— ML Engineering
Taxi Price Prediction
Predicts taxi fares from ride details plus live distance, traffic, and weather data - a GradientBoosting model behind a FastAPI and Streamlit app.
Scikit-learn Python FastAPI Streamlit GradientBoosting
~ when Sep 2025 – Oct 2025
~ status Archived
~ kind School Project
An end-to-end ML application that predicts taxi fares by integrating ride parameters with real-time external data. Built as coursework for OPA24 AI Engineering.
Data & Features
- Google Places API for address lookup and autocomplete
- Google Routes API for distance calculation with departure-time congestion prediction
- Weather integration via Google Weather API - maps conditions to pricing multipliers (Clear: 1.0x, Rain: 1.15x, Snow: 1.3x)

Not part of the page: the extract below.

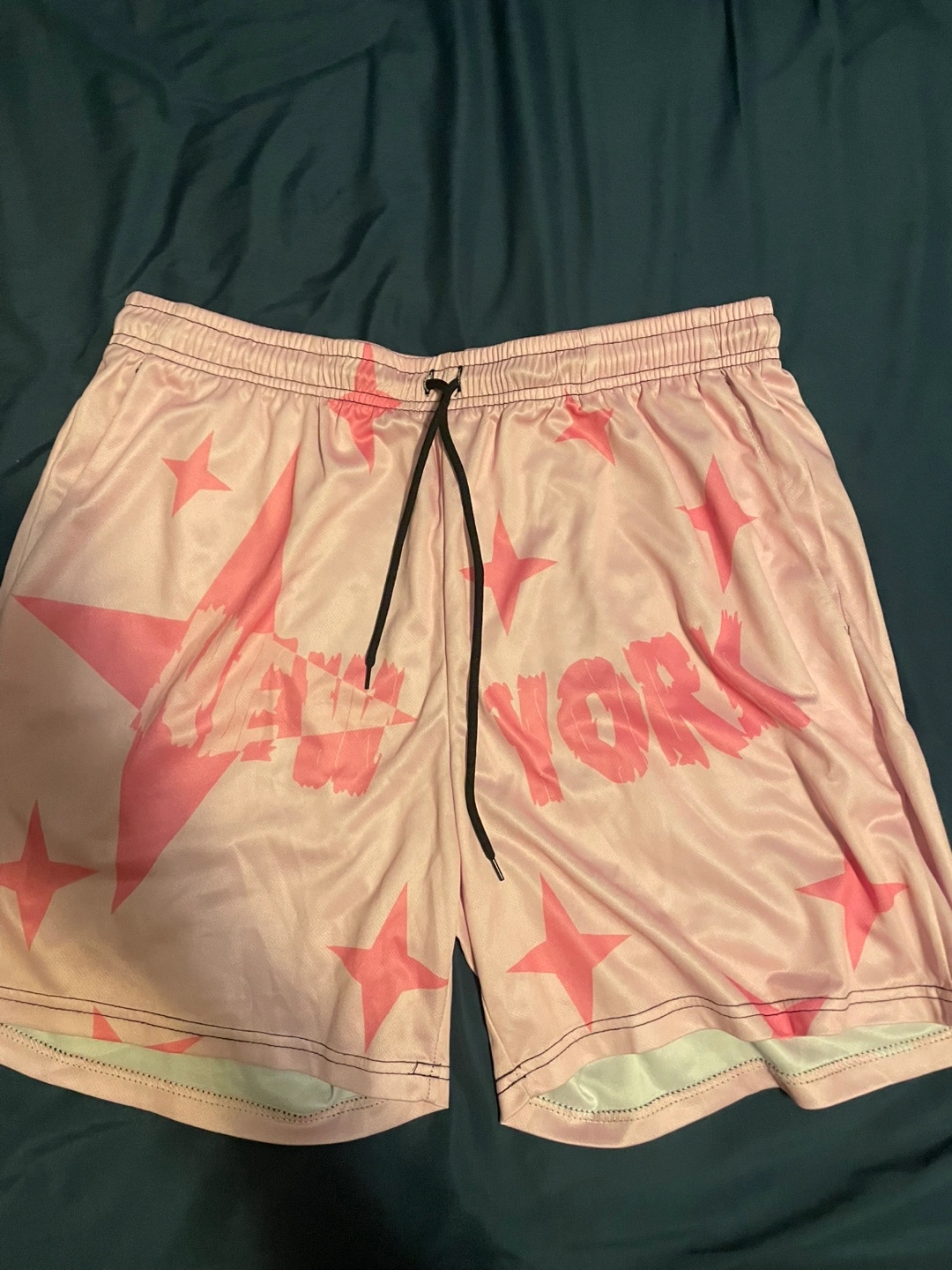 Men's large shorts. Pink with pink stars and a New York City graphic. 100% polyester. Machine wash cold. Used 1 time for 2 hours only
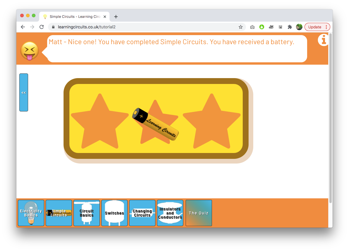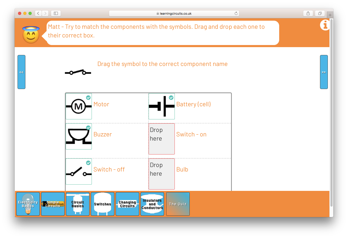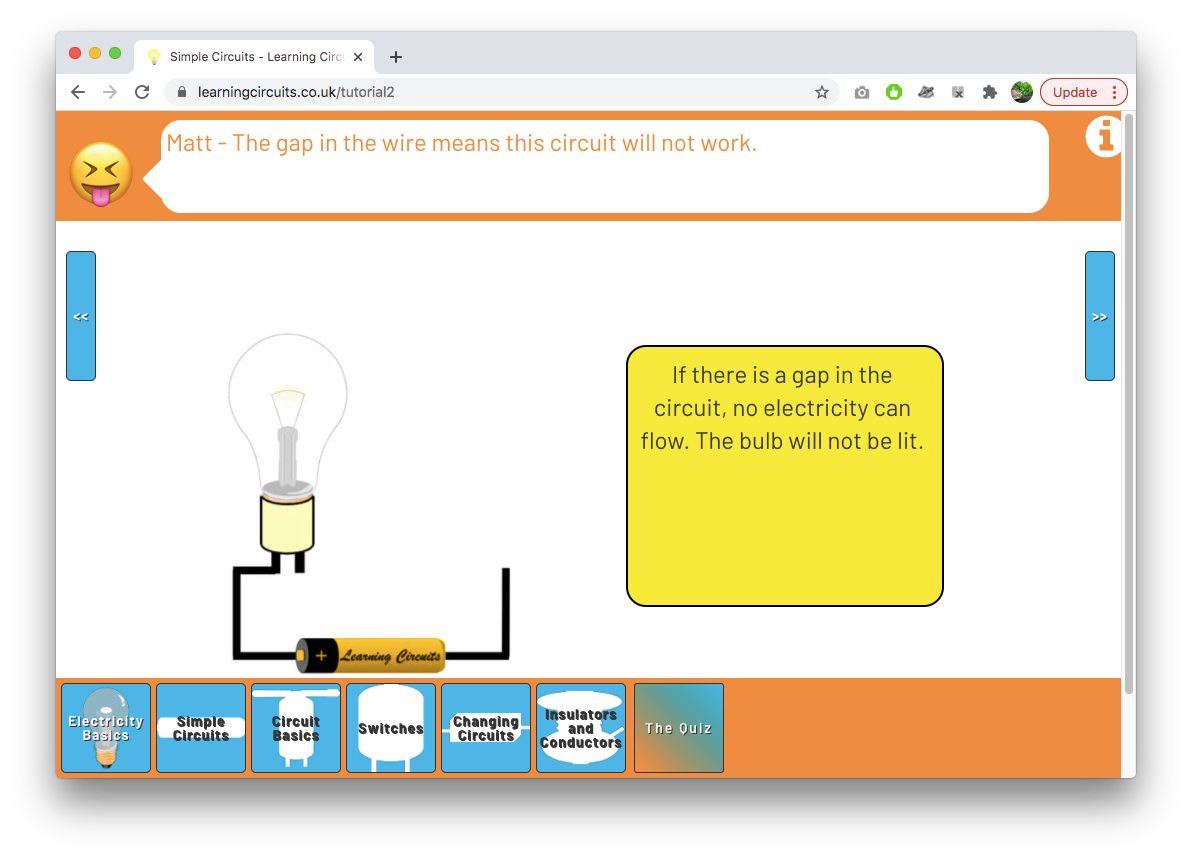 Learning Circuits teaches children and young people about the basics of electricity and circuits. It uses interactive tutorials to guide learners through different parts of the 4th grade (US) / Key Stage 2 (UK) curriculum. It features such as; explaining basic circuits, types of power source, types of appliance, different circuits, how switches work, safety & how to change components in a circuit. There is a quiz and an interactive circuit builder for learners to test their knowledge and practice their skills and understanding.

- Traffic multipliers - Low: 1.0x, Medium: 1.1x, High: 1.25x
- 97.7% of the original dataset preserved through intelligent data cleaning
Model Performance
- GradientBoosting achieved $15.56 MAE with 0.828 R² on 196 test samples
- Outperformed LinearRegression ($17.00 MAE) and RandomForest ($15.91 MAE)
- Distance-based features dominate at 61% importance, interaction features (distance × conditions) at 37%
Architecture
- FastAPI backend serving the trained model via REST endpoint with Pydantic validation
- Streamlit frontend with multi-page dashboard - performance metrics, dataset exploration, and prediction breakdown
- Serialized model via joblib for fast inference
About this chart
Each axis is a functional pillar; the orange area is where my focus went, and the purple how much of that work was AI-augmented. That AI layer is where tools sped up implementation - architecture, code review, and the quality bar stay mine. I treat AI as a precision tool with strict conventions, not auto-pilot.